Barrie Rutter directs this comedy as a rambunctious farce, justifiably placing it within the hoary heritage of Plautus’ Miles Gloriosus on one chronological side and Moliere’s Scapin on the other. His Falstaff becomes one more outrageously funny laughing-stock in this continuum of the braggart soldier. Naturally, this means sacrificing something Shakespearean—in this case, the portrayal of busy bourgeois provincial life that imbues this work with a bustling, collective sense of community.

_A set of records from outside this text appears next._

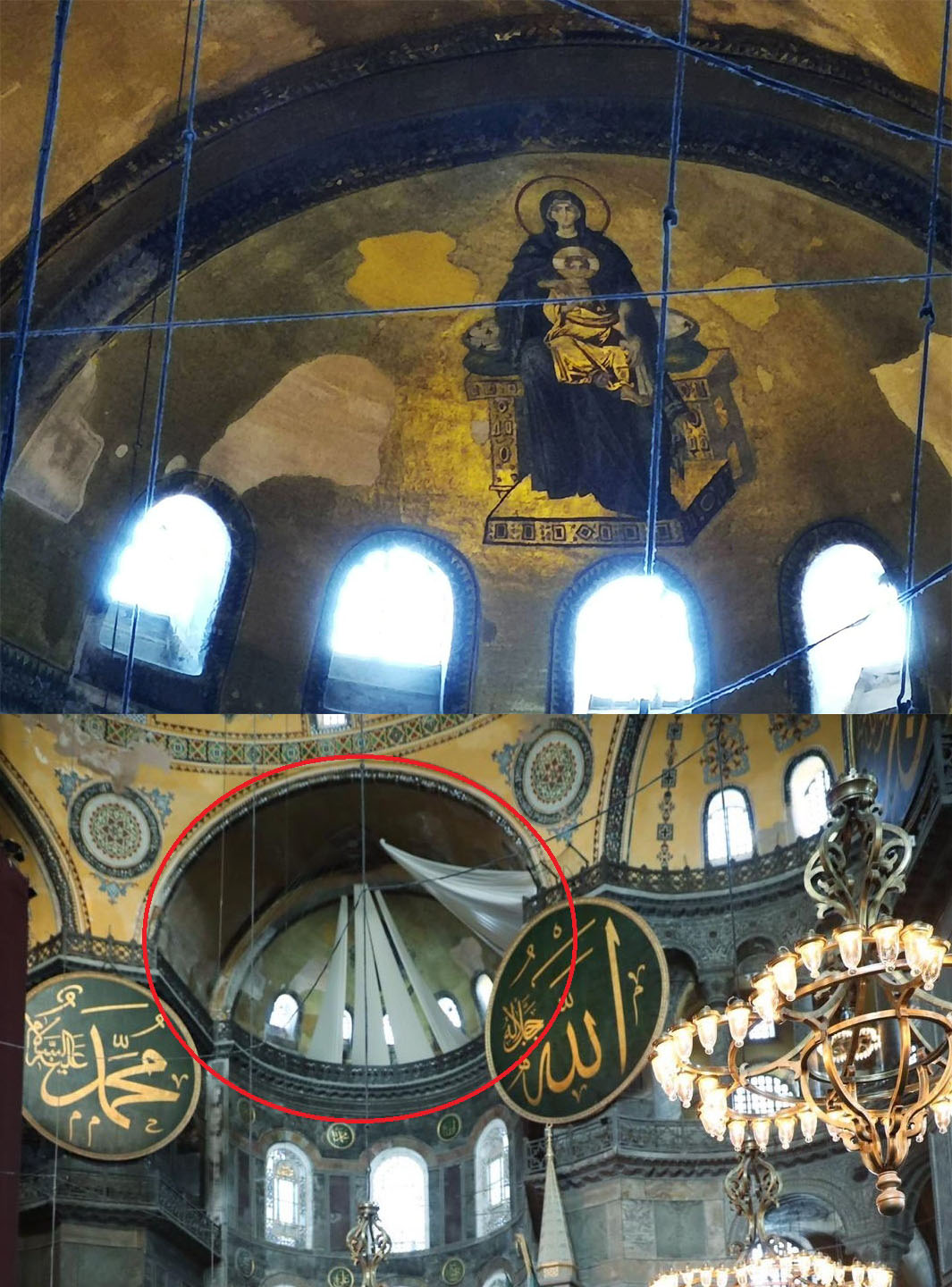 Мозаїки Богородиці та Архангела Гавриїла відповідно 6,5 та 7,5 метрів будуть сховані та закриті завісами, повідомляє Orthodoxtimes.com. Одна з вимог ісламу – відсутність людських образів в місцях поклоніння.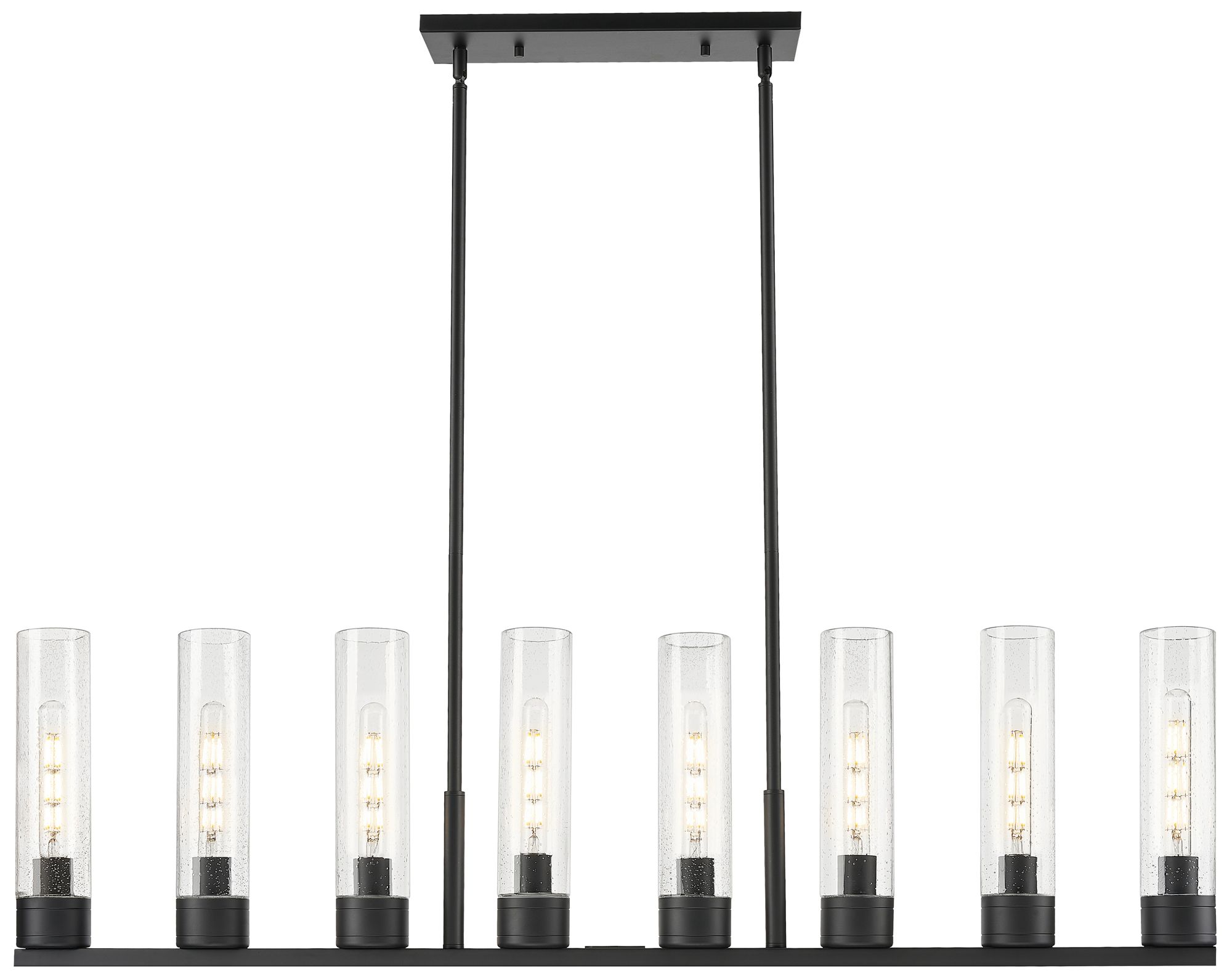 Boreas 48"W 6 Light Matte Black Stem Island Light With 11" Seedy Shade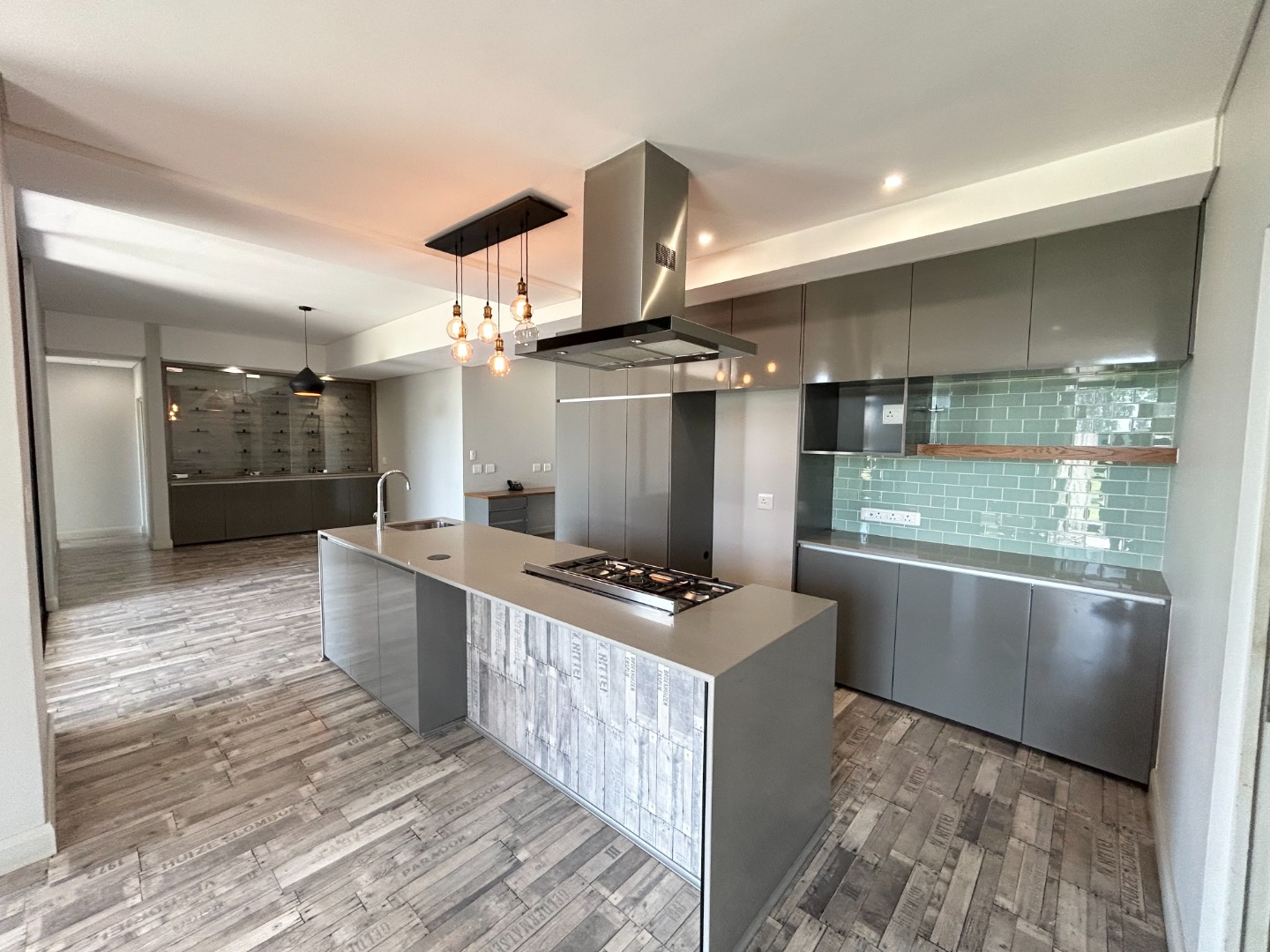 At the heart of the home lies a modern open-plan kitchen, boasting sleek grey cabinetry, a generous central island with an integrated gas hob, and a chic light blue subway-tiled backsplash. Industrial pendant lighting enhances the elegant wood-look flooring, which ties the living areas together beautifully.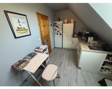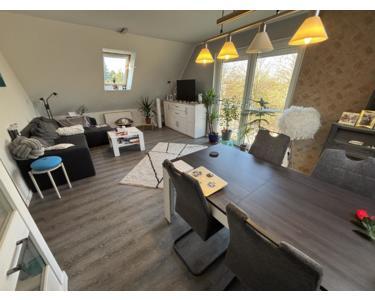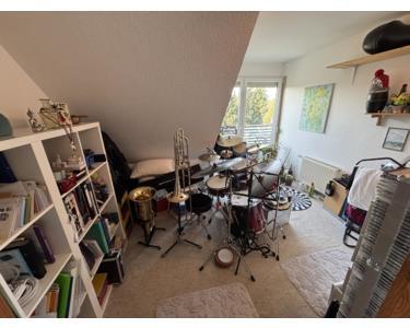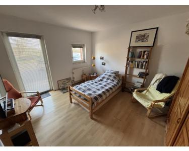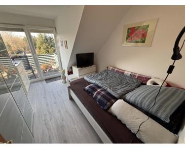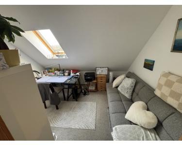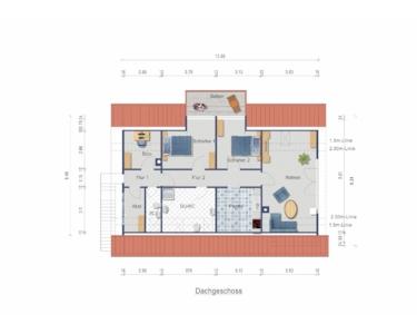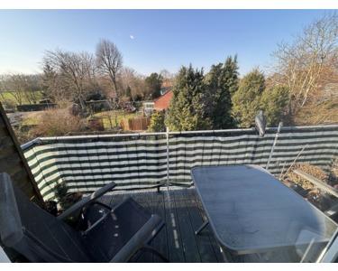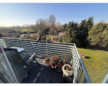 Die Dachgeschosswohnung verfügt über einen eigenen Balkon, von dem aus Sie den Blick ins Grüne genießen können. Auch hier sorgt eine kluge Raumaufteilung für Gemütlichkeit und Flexibilität. Großer Wohnbereich mit Kaminofen, 2 Schlafzimmer, Büro, Küche, Vollbad, Gäste-WC und Abstellraum.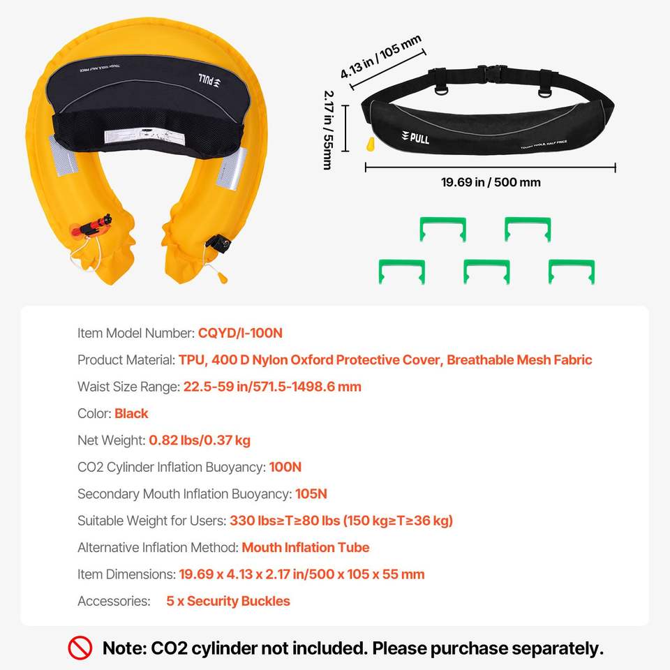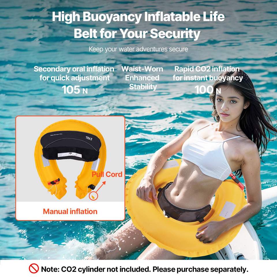 Giubbotto di Salvataggio Gonfiabile Manuale per Adulti, Galleggiabilità 105N, per Peso Superiore a 80 Libbre, Vita Regolabile fino a 59 Pollici
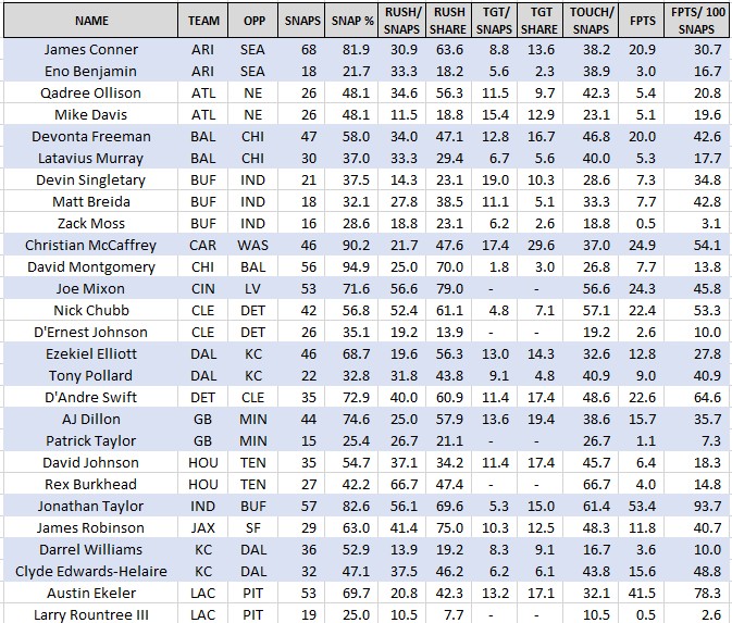 Jonathan Taylor played 57 snaps and accrued .937 fantasy points per snap- the highest figure we’ve ever tracked for a player who played more than 50 snaps. Taylor is now second overall in that metric, behind only Cordarrelle Patterson for the season.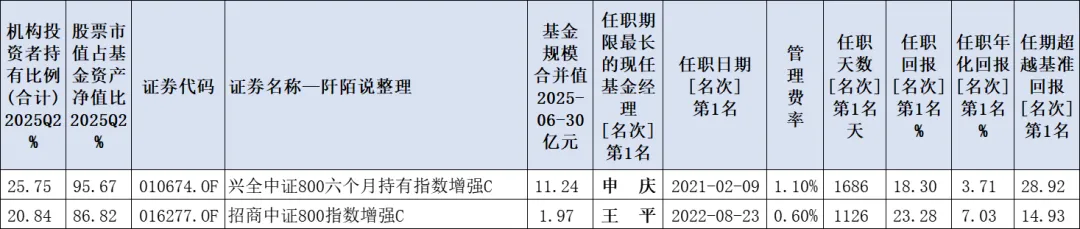 5、2只中证800指数增强基金单独展示如下,上榜的是申庆、王平的基金。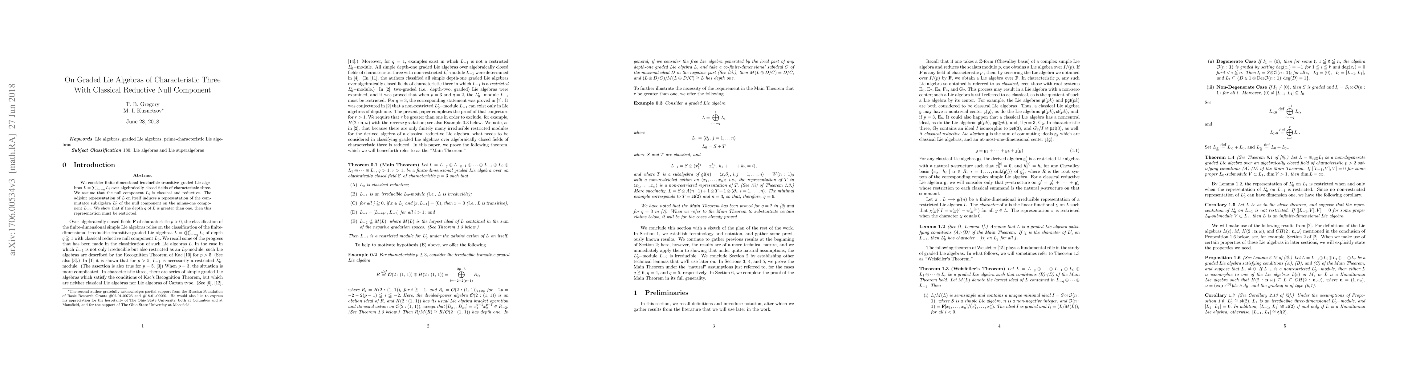 This paper studies finite-dimensional irreducible transitive graded Lie algebras over fields of characteristic three, focusing on those with a classical reductive null component. It demonstrates that if the depth of the algebra exceeds one, the representation of the null component's commutator subalgebra on the minus-one component must be restricted.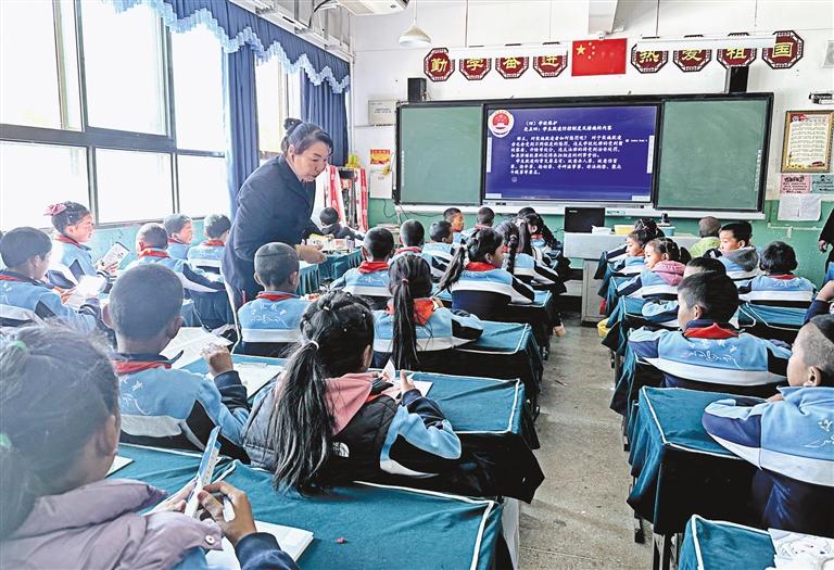圖為檢察官在教室內為學生講解法律知識。記者 旦增嘎瓦 攝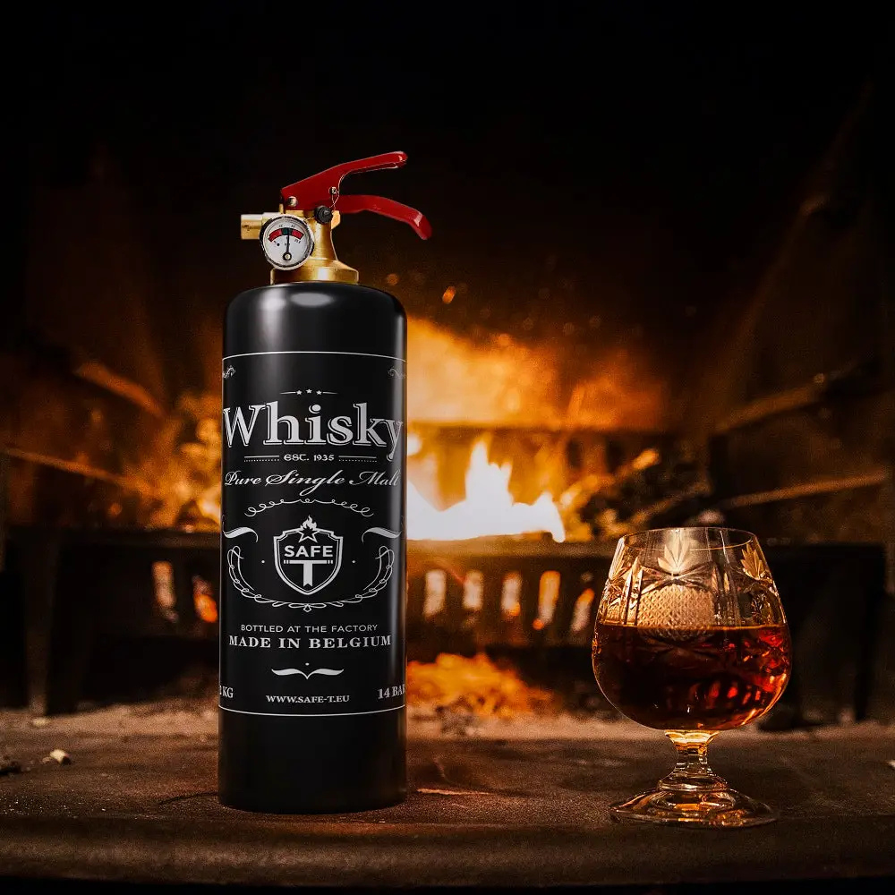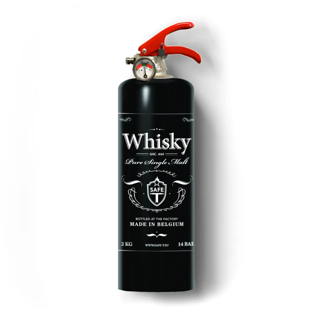 The Safe-T WHISKY is a fire extinguisher with character—crafted for those who appreciate both safety and style. Inspired by the timeless appeal of fine spirits, this design blends elegance and wit, bringing a clever touch to an everyday essential. Attractive and unexpected, it’s made to be displayed proudly, becoming part of your home décor while staying ready for action. Built to the highest CE standards and made from premium materials, this is functional beauty bottled at the source.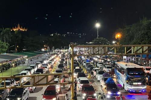 Pantauan di lokasi, para pemudik arus balik yang melakukan perjalanan dari Sumatera menuju Pulau Jawa masih terus berdatangan hingga pukul 00.48 WIB dini hari.

Of course, leftwing critics may see it in a different light. Falstaff (the only knight apart from Sir Hugh), uncourtly and unchivalrous, thus quite untrue to knightly virtues, represents immoral upper echelons upsetting the sound morality of middle-class society. The lambasting given him becomes a comic paradigm of class struggle. The play has a feminist angle too; faced by male lust and jealousy (Falstaff and Ford respectively), the merry wives triumph together as a sisterhood. Rutter is either oblivious of or ignores the possibilities of such “serious” interpretations.
But in his own way he succeeds like few can or have. The general professionalism, timing and delivery are impeccable. Not a second goes waste, the audience carried along on a roller-coaster of merriment that peaks in the utterly gut-busting buck-basket scene. Rutter knows how to stage a farce instinctively. Even the unbelievable fairy scene is transformed by the fairies singing in perfect doo-wop harmony from the Fifties. It is a tribute to the actors that they do not depend on sets to distract attention, and we do not mind the absence of anything on stage except for the essential arras.
The cast hams up the histrionics to convey Shakespeare’s purpose that everyone has eccentricities which we can and should laugh at—a corner-stone of comic theory. Notable roles are those of Rutter himself as the fat Sir with a lecherous leer and satyric bend of the ankle, and Lawrence Evans who turns the French doctor (a part difficult to visualize on the printed page) into a hilarious theatrical presence. Only Conrad Nelson (the host of the inn) looks out of place, as an effeminate mischief-maker wearing a printed shirt unbuttoned down to his navel.